Subject: | |
From: | |
Reply To: | Classification, clustering, and phylogeny estimation |
Date: | Mon, 22 Sep 2003 10:18:30 -0400 |
Content-Type: | text/plain |
Parts/Attachments: |
|
|
There are several different ways to explore this kind of data.
I would base the within cases vector of variables on the set of possible
responses (a set of multiple dichotomies)
To start I would try leaving each time point as a separate case for the
cluster analyses. I would then also explore (cluster) each subset of
cases and crosstab the results to look for consistency.
Hope this helps.
Art
[log in to unmask]
Social Research Consultants
University Park, MD USA
(301) 864-5570
Bob Green wrote:
> I am interested in the question of whether pooling data from the same
> individuals into a single variable which would violate the assumption of
> the independence of observations in multiple regression, is problematic in
> cluster analysis.
>
> Briefly, I have data collected at baseline and 4 time points asking whether
> someone smoked and the reasons why.
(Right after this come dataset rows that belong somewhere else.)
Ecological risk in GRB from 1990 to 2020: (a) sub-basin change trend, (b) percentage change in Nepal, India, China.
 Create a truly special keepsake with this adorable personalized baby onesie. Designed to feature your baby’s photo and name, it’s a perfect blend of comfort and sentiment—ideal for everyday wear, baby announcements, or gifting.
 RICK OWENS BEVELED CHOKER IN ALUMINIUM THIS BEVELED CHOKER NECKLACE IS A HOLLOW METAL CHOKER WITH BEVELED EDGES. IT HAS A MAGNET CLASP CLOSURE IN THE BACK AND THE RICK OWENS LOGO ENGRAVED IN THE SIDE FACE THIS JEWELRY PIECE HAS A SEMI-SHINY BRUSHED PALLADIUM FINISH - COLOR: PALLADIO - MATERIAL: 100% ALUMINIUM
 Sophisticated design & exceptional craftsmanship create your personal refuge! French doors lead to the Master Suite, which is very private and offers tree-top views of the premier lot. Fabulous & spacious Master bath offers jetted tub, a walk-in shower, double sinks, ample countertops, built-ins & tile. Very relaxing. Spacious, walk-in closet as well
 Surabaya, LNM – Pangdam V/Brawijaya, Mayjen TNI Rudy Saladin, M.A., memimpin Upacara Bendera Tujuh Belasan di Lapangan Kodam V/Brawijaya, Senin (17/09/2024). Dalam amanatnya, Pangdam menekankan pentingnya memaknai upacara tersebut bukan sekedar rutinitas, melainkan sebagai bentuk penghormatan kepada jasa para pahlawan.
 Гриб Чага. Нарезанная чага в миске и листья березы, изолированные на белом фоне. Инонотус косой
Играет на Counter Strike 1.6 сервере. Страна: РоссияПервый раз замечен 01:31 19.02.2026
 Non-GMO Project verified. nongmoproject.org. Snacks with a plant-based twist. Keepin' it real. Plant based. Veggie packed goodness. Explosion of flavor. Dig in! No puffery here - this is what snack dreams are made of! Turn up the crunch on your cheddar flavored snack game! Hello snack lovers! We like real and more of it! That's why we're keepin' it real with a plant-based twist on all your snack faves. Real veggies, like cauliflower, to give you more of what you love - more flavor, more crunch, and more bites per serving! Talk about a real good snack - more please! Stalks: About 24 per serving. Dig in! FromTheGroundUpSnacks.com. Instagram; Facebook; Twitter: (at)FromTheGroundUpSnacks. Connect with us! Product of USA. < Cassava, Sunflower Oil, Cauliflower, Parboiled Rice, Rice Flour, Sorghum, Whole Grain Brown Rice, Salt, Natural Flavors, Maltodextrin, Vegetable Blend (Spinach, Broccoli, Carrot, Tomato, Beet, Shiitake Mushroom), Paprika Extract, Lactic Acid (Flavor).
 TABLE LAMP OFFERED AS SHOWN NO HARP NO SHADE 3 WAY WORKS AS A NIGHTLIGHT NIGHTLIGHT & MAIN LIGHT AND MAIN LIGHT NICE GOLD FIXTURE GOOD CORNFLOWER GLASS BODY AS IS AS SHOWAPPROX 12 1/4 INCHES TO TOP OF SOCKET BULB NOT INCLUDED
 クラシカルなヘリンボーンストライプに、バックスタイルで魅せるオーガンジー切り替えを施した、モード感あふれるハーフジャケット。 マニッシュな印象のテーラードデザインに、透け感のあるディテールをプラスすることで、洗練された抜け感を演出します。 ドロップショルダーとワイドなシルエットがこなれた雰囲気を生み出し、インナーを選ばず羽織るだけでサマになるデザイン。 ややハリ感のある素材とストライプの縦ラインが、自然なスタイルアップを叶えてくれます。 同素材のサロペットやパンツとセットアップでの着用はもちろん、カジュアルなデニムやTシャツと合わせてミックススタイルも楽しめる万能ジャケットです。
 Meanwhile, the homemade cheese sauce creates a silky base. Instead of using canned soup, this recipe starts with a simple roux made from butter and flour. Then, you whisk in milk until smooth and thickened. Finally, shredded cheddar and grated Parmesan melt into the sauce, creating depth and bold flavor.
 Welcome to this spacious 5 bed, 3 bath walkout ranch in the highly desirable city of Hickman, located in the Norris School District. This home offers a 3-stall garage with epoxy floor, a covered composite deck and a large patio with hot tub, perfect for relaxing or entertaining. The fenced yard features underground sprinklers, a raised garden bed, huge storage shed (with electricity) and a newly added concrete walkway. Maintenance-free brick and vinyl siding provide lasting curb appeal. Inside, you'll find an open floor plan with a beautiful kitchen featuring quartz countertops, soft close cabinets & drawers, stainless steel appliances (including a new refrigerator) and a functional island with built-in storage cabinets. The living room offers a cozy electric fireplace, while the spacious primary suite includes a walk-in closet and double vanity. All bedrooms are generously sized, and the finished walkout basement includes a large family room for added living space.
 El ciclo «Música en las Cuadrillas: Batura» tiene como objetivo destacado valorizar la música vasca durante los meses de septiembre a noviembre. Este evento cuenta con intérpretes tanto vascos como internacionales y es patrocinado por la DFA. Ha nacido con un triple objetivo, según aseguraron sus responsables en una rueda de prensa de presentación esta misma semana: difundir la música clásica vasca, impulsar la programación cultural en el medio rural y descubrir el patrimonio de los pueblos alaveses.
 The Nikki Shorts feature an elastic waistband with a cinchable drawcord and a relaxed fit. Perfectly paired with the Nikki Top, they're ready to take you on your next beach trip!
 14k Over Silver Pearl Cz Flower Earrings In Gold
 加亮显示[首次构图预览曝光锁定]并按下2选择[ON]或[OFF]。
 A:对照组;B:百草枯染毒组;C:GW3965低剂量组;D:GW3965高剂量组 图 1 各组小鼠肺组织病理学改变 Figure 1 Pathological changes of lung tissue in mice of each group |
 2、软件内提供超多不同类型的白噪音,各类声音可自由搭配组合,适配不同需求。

Any individual might give 1-3
> responses, which could range from a single word to a sentence. These
> open-ended responses have been coded by coders. There are therefore 5 time
> periods x potentially 3 responses.
>
> I have received advice that it is acceptable to pool this data into 1
> variable and have run the analysis using the cluster option in a content
> analysis software program and the results were both interpretable and made
> sense (the analysis was performed using the default options of a similarity
> matrix, average linkage and the Jaccard coefficient) . However, my
> readings and enquiries to date have not been of much assistance in
> providing substantiative support for this approach. Any advice or
> references in relation to this question is appreciated,
>
> regards
>
> Bob Green
>
|
|
|